Sound familiar? These days, every marketing pound invested has to produce a demonstrable return, and often social media is the hardest return to prove. If you’ve set up a Facebook page and it doesn’t seem to be giving you anything back, you’re not alone. Some of the biggest brands in the world are struggling with how to make social media work.
Social media has fundamentally changed how brands interact with customers. But the mistake many companies are making is to ‘do’ social media without really understanding why. Setting up a Facebook page and a Twitter stream just to tick a box, without really understanding why, isn’t going to work for you. If you don’t understand why you’re doing it, you can bet your customers won’t, either.
The key is to have a clear goal from the outset. All too often, social media is tacked on to the marketing programme under the rather vague objective of ‘getting us more exposure’. But without proper thought as to what kind of exposure, and to whom, and to achieve what, it could all be a waste of time.
Forrester divides social media ROI into four categories: financial metrics; digital metrics; brand metrics; and risk management. What important about this is that brands use more than just financial metrics to measure their marketing activities, and social media should be treated in the same way.
The social marketing analytics report, a collaboration between industry leaders Altimeter and Web Analytics Demystified, suggests measuring key performance indicators against four social media objectives: fostering dialogue (KPIs are to measure share of voice, audience engagement and conversation reach); promoting advocacy (measure active advocates, advocate influence, and advocacy impact); facilitate support (measure resolution rate, resolution time and satisfaction score); and spurring innovation (measure topic trends, sentiment ratio and idea impact). Few of these are measurable in hard financial terms, but are closely aligned to the measurement criteria of other marketing disciplines.
But ultimately, what you measure depends on what you’re trying to achieve. Your objectives for social media activity might be around research and development – listening to what your customers want from you, or getting them involved in the R&D process.

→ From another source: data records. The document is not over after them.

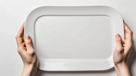 A clean and minimalist composition featuring two hands gently holding a plain white plate against a bright, neutral background. Perfect for concepts related to food, dining, minimalism, or tableware. Ideal for use in advertising, blogs, or editorial content
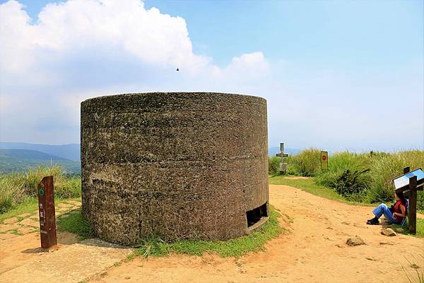 登頂!竹篙山山頂也有一座碉堡,編號1號。碉堡上原本有顆北市都市計畫處四等三角點編號235號,現已遺失。原本的土地調查局圖根點也已遺失,只剩下陽明山農場堺柱。
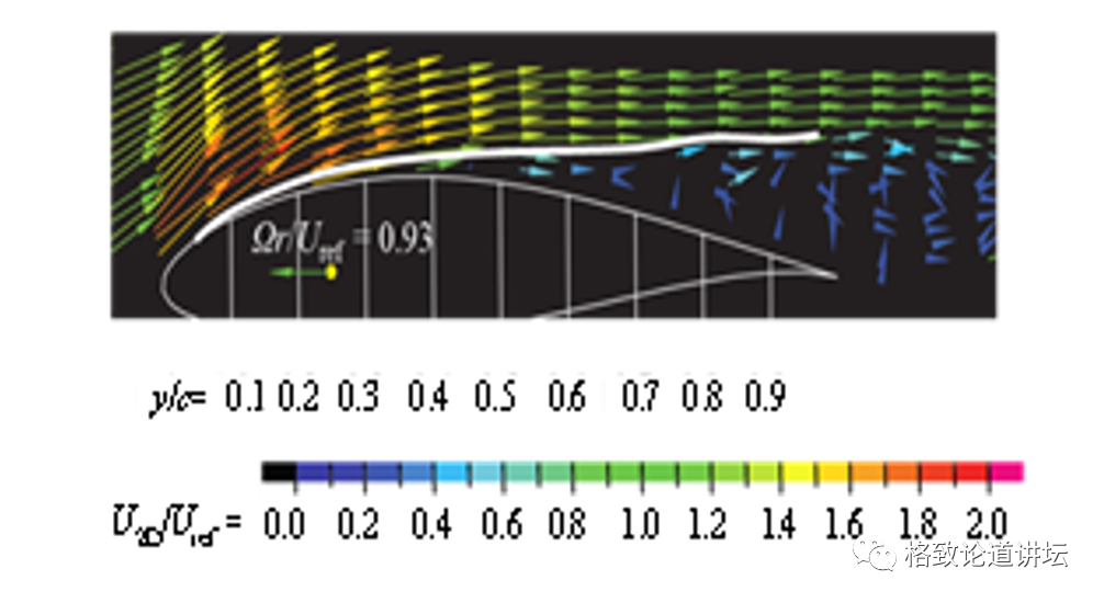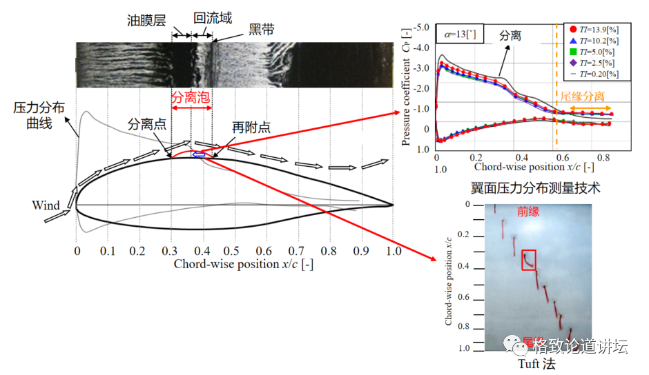 我们小时候玩水时,把手指头伸到水缸里一划,后面就会出现漩涡。气动也是这样的,气流从叶片表面发生流动分离之后,也会产生一个漩涡,也就是再附着现象,这个也捕捉不到。所以,我们采用了一个叫油膜法的新技术(上图左上),这样就可以观察到分离泡的大小。
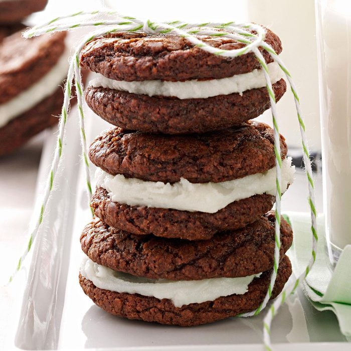From the Recipe Creator: A minty filling sandwiched between rich chocolate cookies—what’s not to love? —Gaylene Anderson, Sandy, Utah
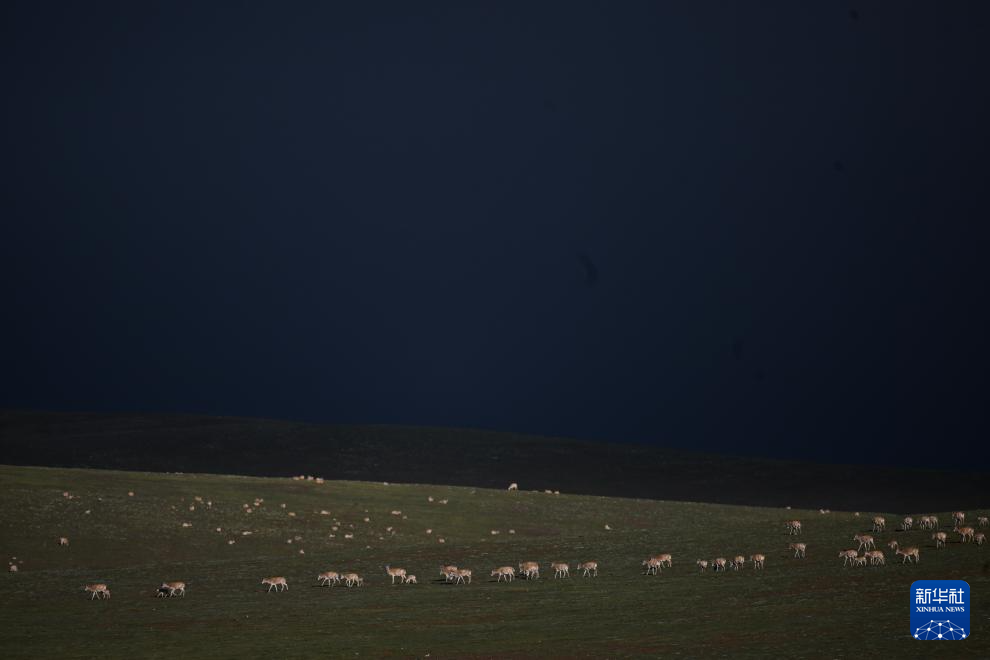 7月8日,在可可西里卓乃湖區(qū)域,一群藏羚羊在活動。新華社記者 張龍 攝
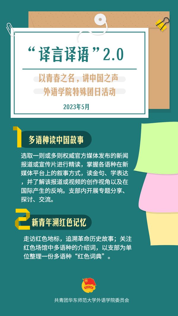 本次特殊团日是“译言译语——多语种读懂二十大”活动的延续和升级,设计“多语种读中国故事”和“新青年溯红色记忆”两大活动板块,各基层团支部在此基础上定制活动方案,精读优秀外宣产品,读金句、学表达,探讨创作视角及传播影响;走访红色地标,追溯革命历史故事,学习多语种的介绍词,整理多语种“红色词典”。
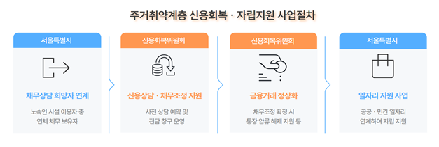 신복위는 매주 목요일 오후 3시부터 4시까지 서울중앙·관악서민금융통합지원센터에 주거취약계층 전용 상담창구를 운영해 개인별 상황에 맞는 채무조정 제도를 안내하고, 서민금융 상품 및 복지제도 연계 상담을 제공한다. 또한 공공일자리 참여자에게도 신용회복 상담을 지원해 경제적 자립을 돕기로 했다.
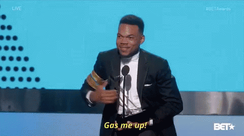 Chance The Rapper on stage at the BET Awards, enthusiastically exclaiming 'Gas me up!' into the microphone.
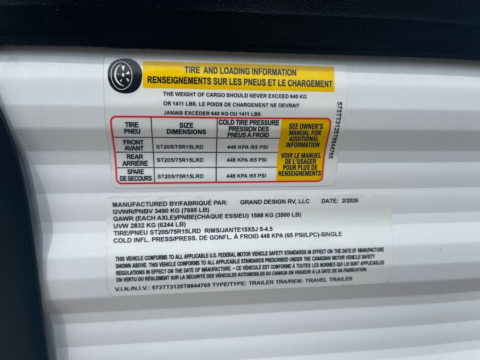 - Hitch weight: 635 pounds; Axles: 2
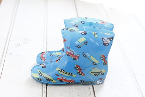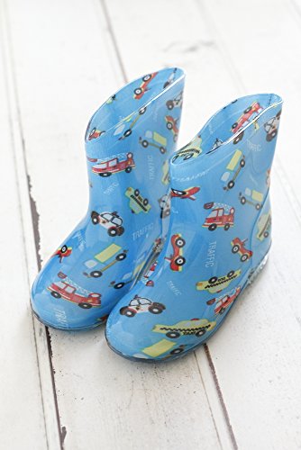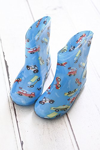 BABY tree キッズ 短め レインブーツ (19cm, くるま ブルー)
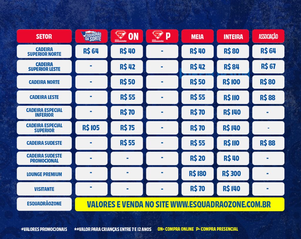 A venda de ingressos começou nesta quinta apenas para sócios da modalidade Esquadrão da Sorte. A partir desta sexta (31) inicia a comercialização para o público geral, incluindo os sócios de todas as modalidades e torcida visitante.
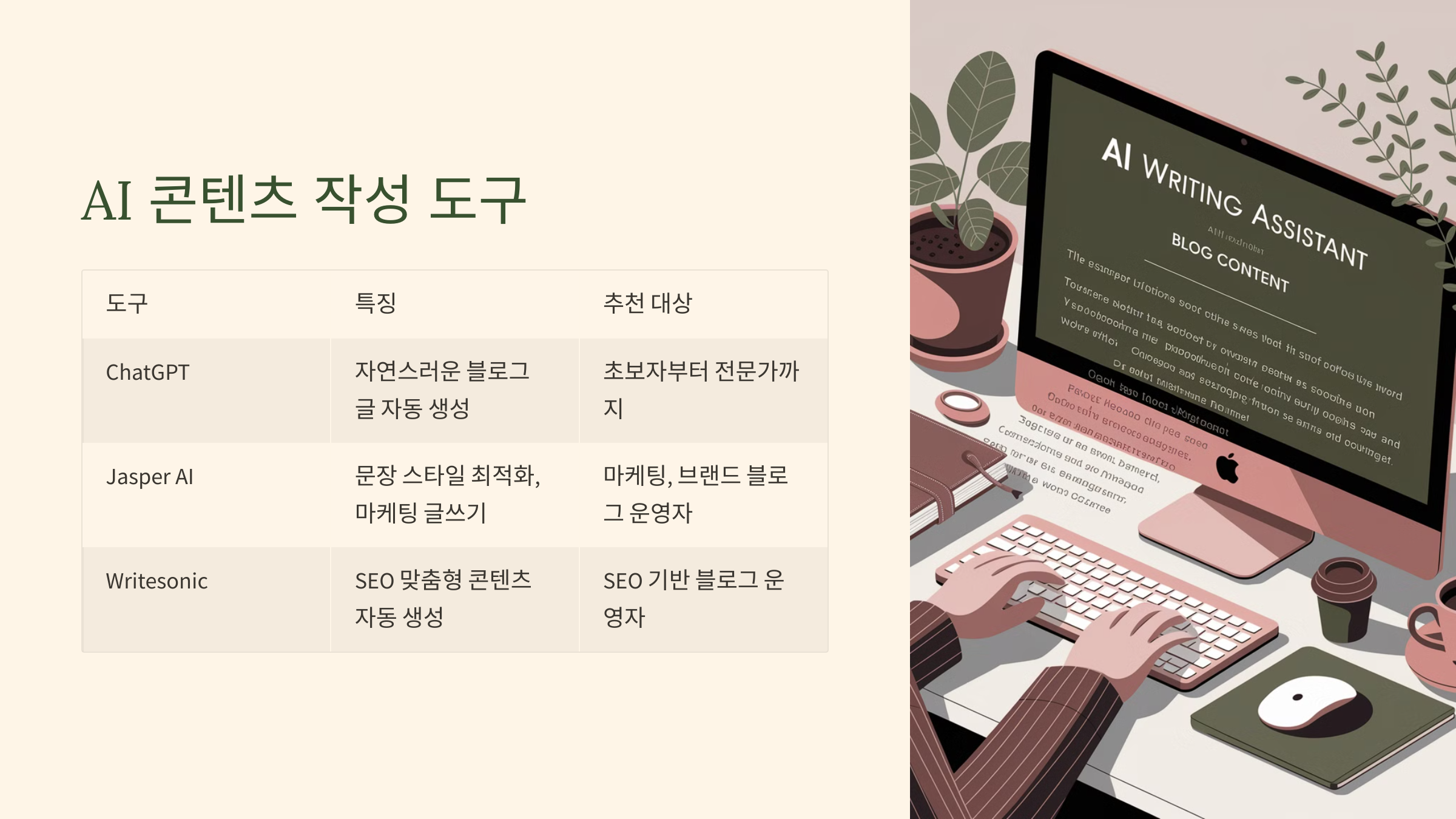 | AI 블로그 자동화로 하루 3시간 절약하는 방법 (0) | 2025.03.07 |
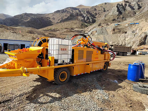 礦用柴油機(jī)濕式混凝土噴射車(chē)施工現(xiàn)場(chǎng):
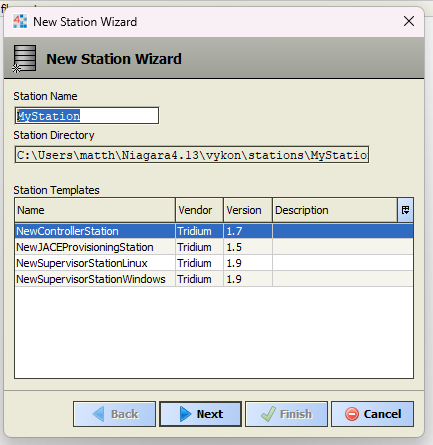 For the purpose of this guide select NewControllerStation as the template and give the station a name MyStation.
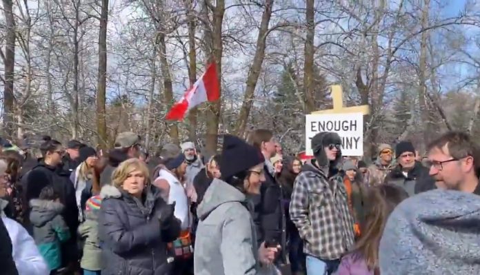 Setki ludzi demonstrowało w niedzielę przed zamkniętym kościołem protestanckim GraceLife na zachód od Edmonton.
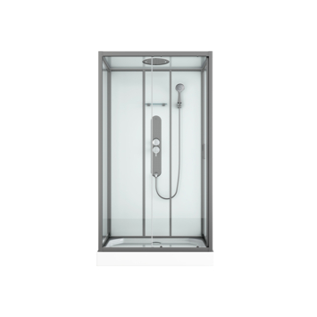 Cette cabine de douche Allibert Uyuni 120x80x225 cm rectangulaire 1 mur est très facile à installer avec son système de clips et sans forer, en 1 heure de montage et sans silicone. La cabine complète comprend un receveur en acrylique renforcé, des parois et portes anti-calcaire, faciles à nettoyer et une robinetterie de qualité. La structure « minimaliste droite » est en aluminium chromé. Les portes sont transparentes, les parois de fond blanches. Son panneau de commande en acier inoxydable permet de commander son besoin d'eau. Le choix est large: des jets hydromassants issus d'un panneau d'hydromassage en acier laqué noir composé de jets massage anti-calcaire; une douchette à main 3 fonctions, une tête de douche en acier laqué noir 25 x 25 cm intégrée dans le toit blanc en verre blanc.
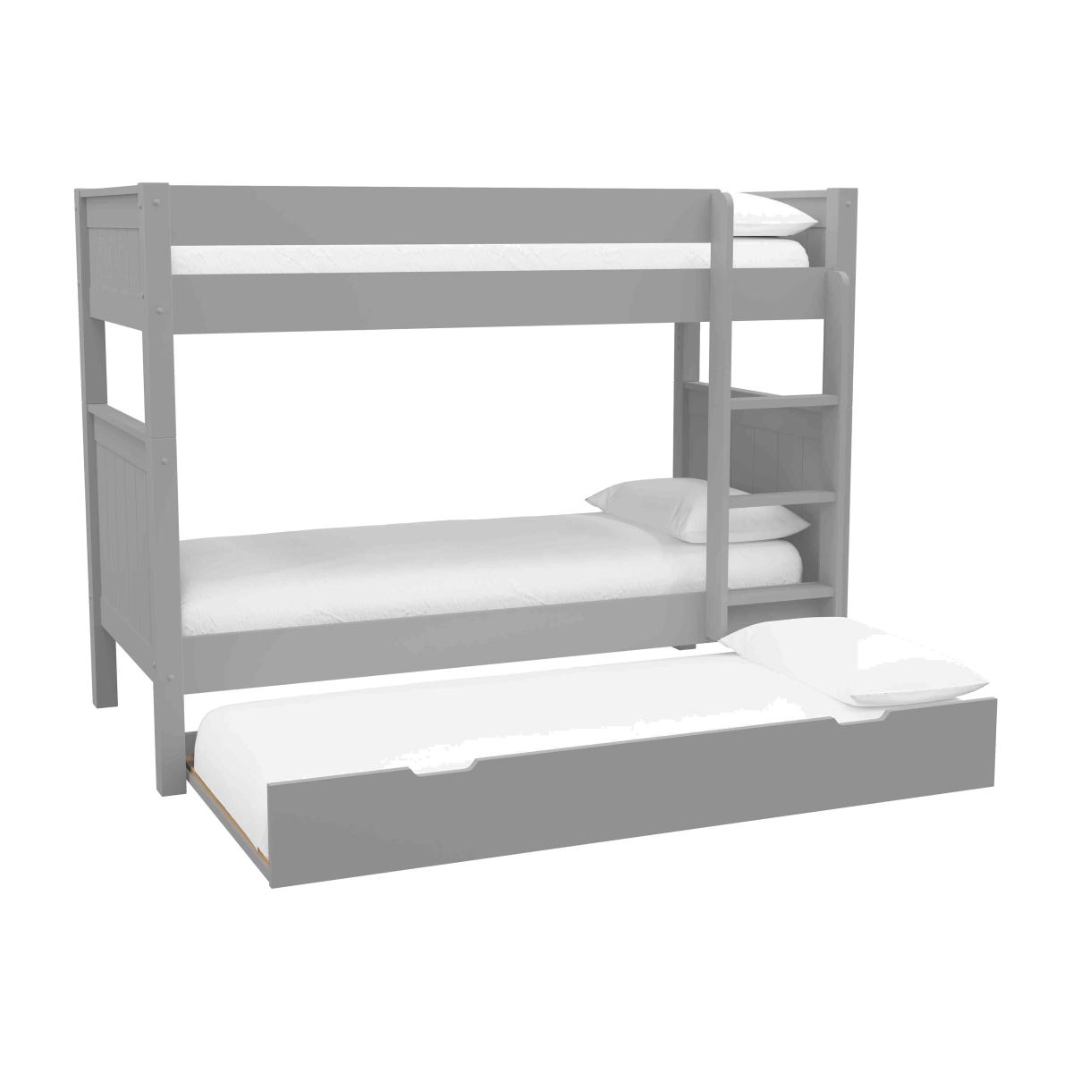 Your kids will love the Chase range from Stompa. It perfectly blends sturdy and functional with fun and exciting, plus it’s rigorously tested against all relevant safety standards, so you’ll have complete peace of mind. With its attractive tongue and groove design and clean, neutral style, the Chase range will easily fit into any child’s room and is suitable from the age of 6 through to teen years, depending on your child’s individual development. All Stompa products are top-quality, so you can be confident it will last for years. There’s plenty of sleeping space with this fantastic value bunk bed from Stompa thanks to the additional trundle bed. Why you'll love it Comfy and space-saving, this bunk bed’s a win-win. Available with either a white or grey lacquered finish. Can be assembled as two single beds or a bunk bed. Roll out trundle bed gives you a speedy sleepover solution Flat steps on ladder for comfort and safety. Attractive tongue and groove effect on headboard and footboard. Constructed with a solid pine frame. Rigorously tested against all relevant safety standards. Quality furniture at a great value price. Part of the Stompa Chase range at Furniture Village. What you need to know This bed takes 2 standard sized mattresses 90x190 cm with a maximum depth of 155 mm Trundle bed takes 1 standard single 90cm x 190cm mattress. We offer a range of Stompa mattresses to fit online. Heavy duty construction. Durable lacquered finish. From Stompa, a name you can trust.
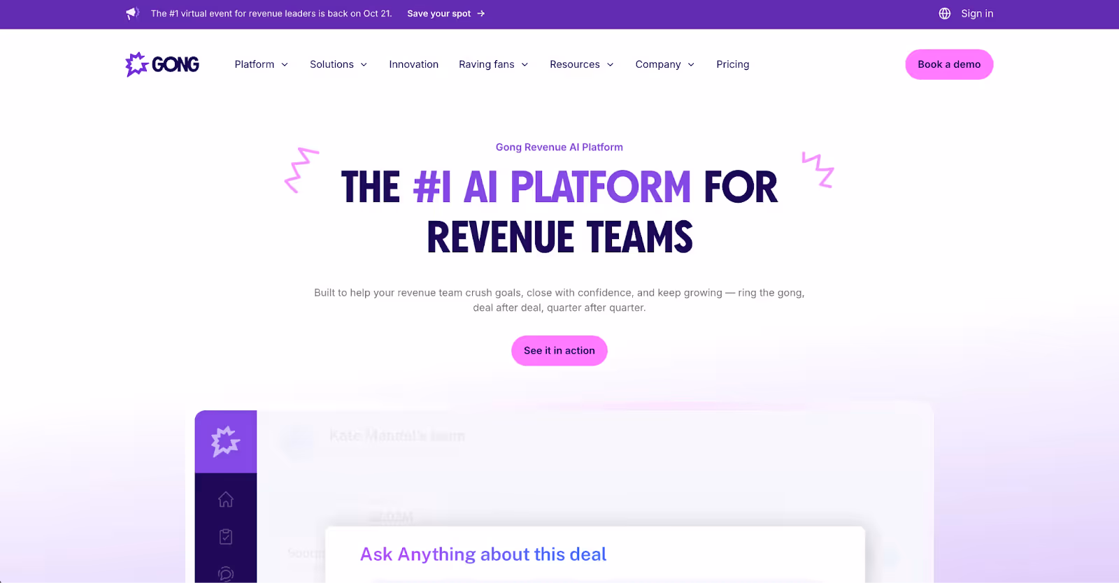 Features: Gong’s AI-powered conversation intelligence captures and analyzes every customer interaction to reveal deal momentum and risks.
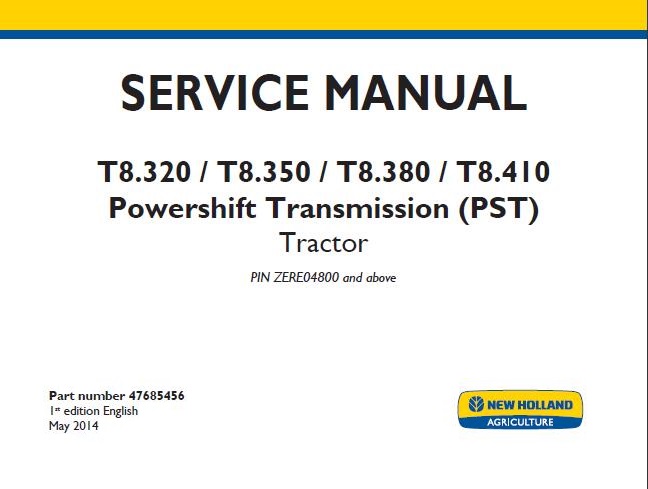 When your New Holland T8.320, T8.350, T8.380, T8.410 Powershift Transmission (PST) Tractor needs maintenance or repair,This service repair manual is great to have.
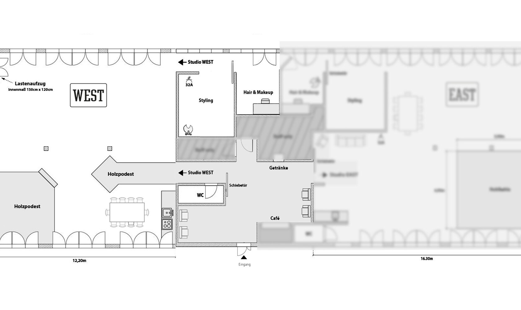 Auf der Suche nach einem anderen tollen Studio? Außer den Studios West und East befinden sich die variabel nutzbaren Flächen Loft 1 oder Loft3, im gleichen historischen Gebäude der ehemaligen Schuhwarenfabrik in der Stahltwiete direkt in Gehdistanz zur S-Bahn Station Ottensen.

The ROI on this might be avoiding an expensive error, or seeding early sales. Or you might be using social media as part of your customer service strategy, in which case you measure the level of engagement, response time, or freed resource for your existing customer service team. You might use social media channels to sell – as Dell has done most notably.
Or, you might use social media channels to monitor what’s being said about your brand. Conversations that used to happen in the pub now happen online as well – and the beauty of this is that, if you know where to look (and what to listen to), you can get a real feel for what customers think about you. Monitoring your reputation on social media (for example with our new Social Media Reputation service) provides vital information on how a brand is perceived by customers; whether action is needed to avoid an issue that could damage a brand; and ultimately, the impact that a campaign is having on a brand’s reputation.
The ROI on that could be the survival of the brand.
Joe Hughes is research and insight manager at social media agency, Yomego

All Comments
I enjoyed your post and appreciate your perspective. I especially like your comments as they relate to measuring value in more ways than just dollars and cents. Scott Monty from Ford Motor Co said it well when he said, “What’s the ROI of putting your pants on in the morning. We know there would be negative consequences if we didn’t do it, but it is difficult to measure.”